The unsafe code guidelines effort (UCG) is slowly but steadily chipping away at the kind of questions I raised, determining whether we can have a consensus among the small group of people that is actively participating in these discussions. This is an interesting mix of descriptive and normative work: we are trying to cater patterns that already existing unsafe code follows and cast them into rules that future code will have to follow. Of course, anything we do still has to go through the RFC process before it becomes normative, and I am sure new interesting questions will come up then. Right now, we are discussing “validity invariants”, which describe the assumptions the compiler is allowed to make about the contents of a variable based on its type. This just started, so now is a perfect time to join the effort!
A new approach for handling uninitialized data is available in nightly, replacing the old
mem::uninitialized that turned out to be impossible to design reasonable rules for.
At this point, this is mostly blocked on bikeshedding the API and figuring out whether we want to allow or forbid unsafe code to create references to uninitialized data (without reading from them) – the latter being one of the most interesting open questions around “validity invariants” that the UCG is discussing.
There is an RFC under discussion for resolving the situation around references to fields of packed structs, that also helps with other questions around references in unsafe code. This RFC could need some pushing over the finish line, and then it needs implementing.
In terms of tooling, there is Miri (also available on the Rust Playground), which could need quite some love to improve the error messages, to track more information during execution for better diagnostics, to make it run faster and to support more things that test suites often do (like panics, or seeding RNGs from the OS).

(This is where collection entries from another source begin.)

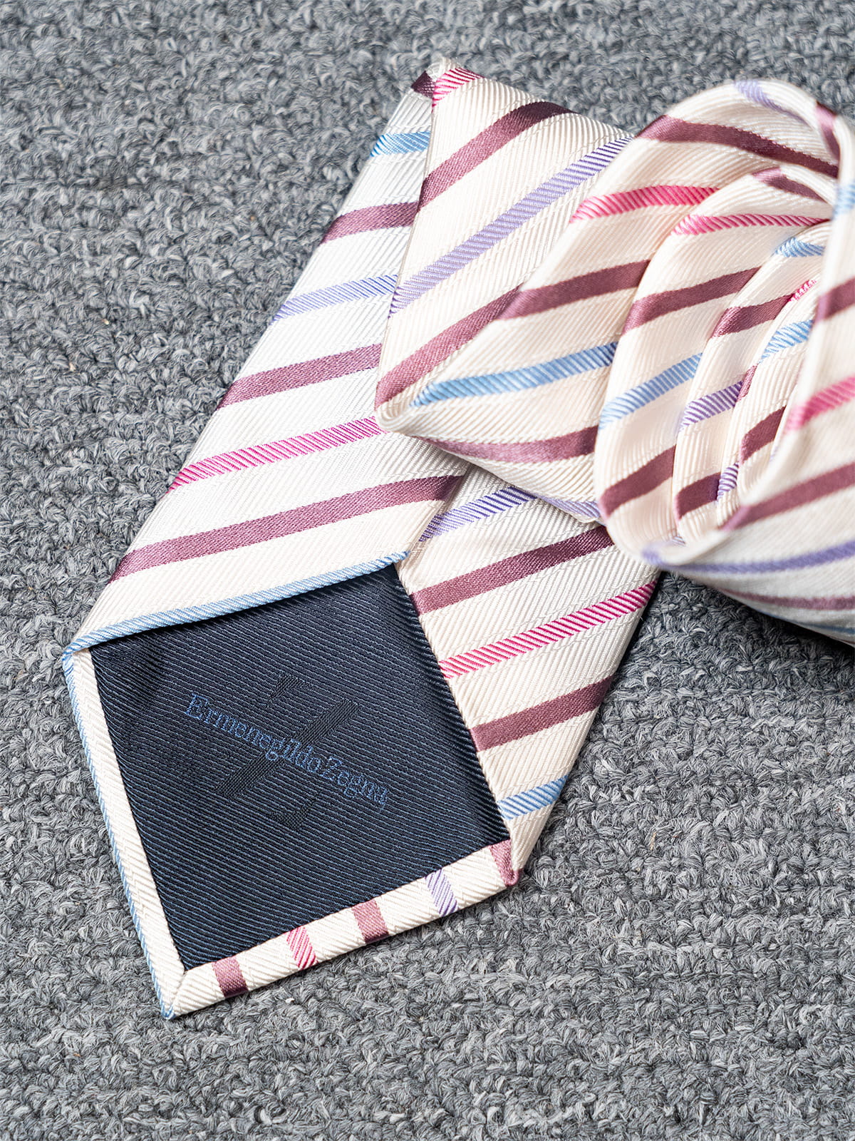 Kremowy regimental w trójkolorowe paski Ermenegildo Zegna
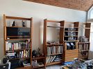 ALSO a 4 bay unit Cado wall system by: Poul Cadovius; 4 white leather dining chairs - Vamdrup Stolefabrik;
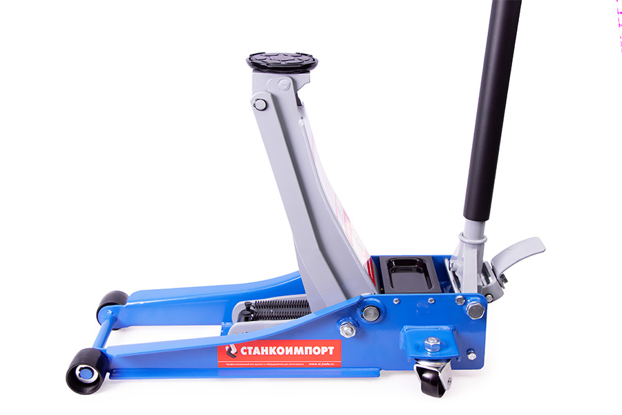 Подкатной гидравлический домкрат имеет ручной привод и предназначен для подъема машины при осуществлении ремонтных работ — к примеру, замены колес. Он отлично подойдет для личного использования на даче, в гараже или для работы на небольшой шиномонтажной станции.
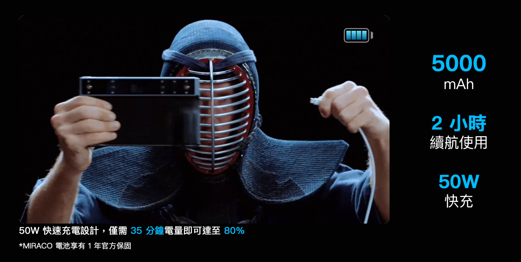 50W 快速充電設計,僅需 35 分鐘電量即可達至 80%
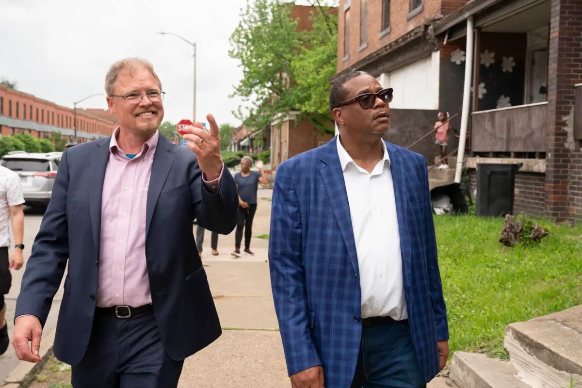 Kendall Pelling, executive director of Rising Tide Partners, leads Mayor Ed Gainey, reporters, and community members on a tour of properties that are to be renovated by his nonprofit on Friday, May 16, 2025, in Homewood. (Photo by Caleb Kaufman/PublicSource)

Rust also, in principle, supports some of the LLVM sanitizers, namely asan, tsan, msan and lsan. However, using them still seems to run into some issues, and the rust-san project seems to lay dormant. We should aim at making it standard practice for crates to run these sanitizers as part of their CI. Even if the crate doesn’t use unsafe code itself, it might have a dependency that does, so using the sanitizer here helps improve the test coverage of that dependency. This won’t catch violations of Rust-specific rules, and to my knowledge these sanitizers all have false negatives (meaning they miss bugs in their domain), but they do find many issues and that goes a long way.
Of course, it would be awesome to have a Rust-specific sanitizer as well. There is some low-hanging fruit here, like having a way to compile your program with assertions guarding unchecked slice accesses, or verifying that pointers are sufficiently aligned – and then there is a long list of interesting checks that are increasingly hard to implement.
And then there are all the things I did not think of that could help unsafe code authors do their work with confidence, and reduce the number of mistakes that people inevitably make when writing unsafe code. I am sure there is a lot of possibility here for API design to improve the overall reliability of unsafe code.
So, as you can see, many things are happening, so I think there is some real chance that we can make serious progress on this topic in 2019. Let’s make it happen, together!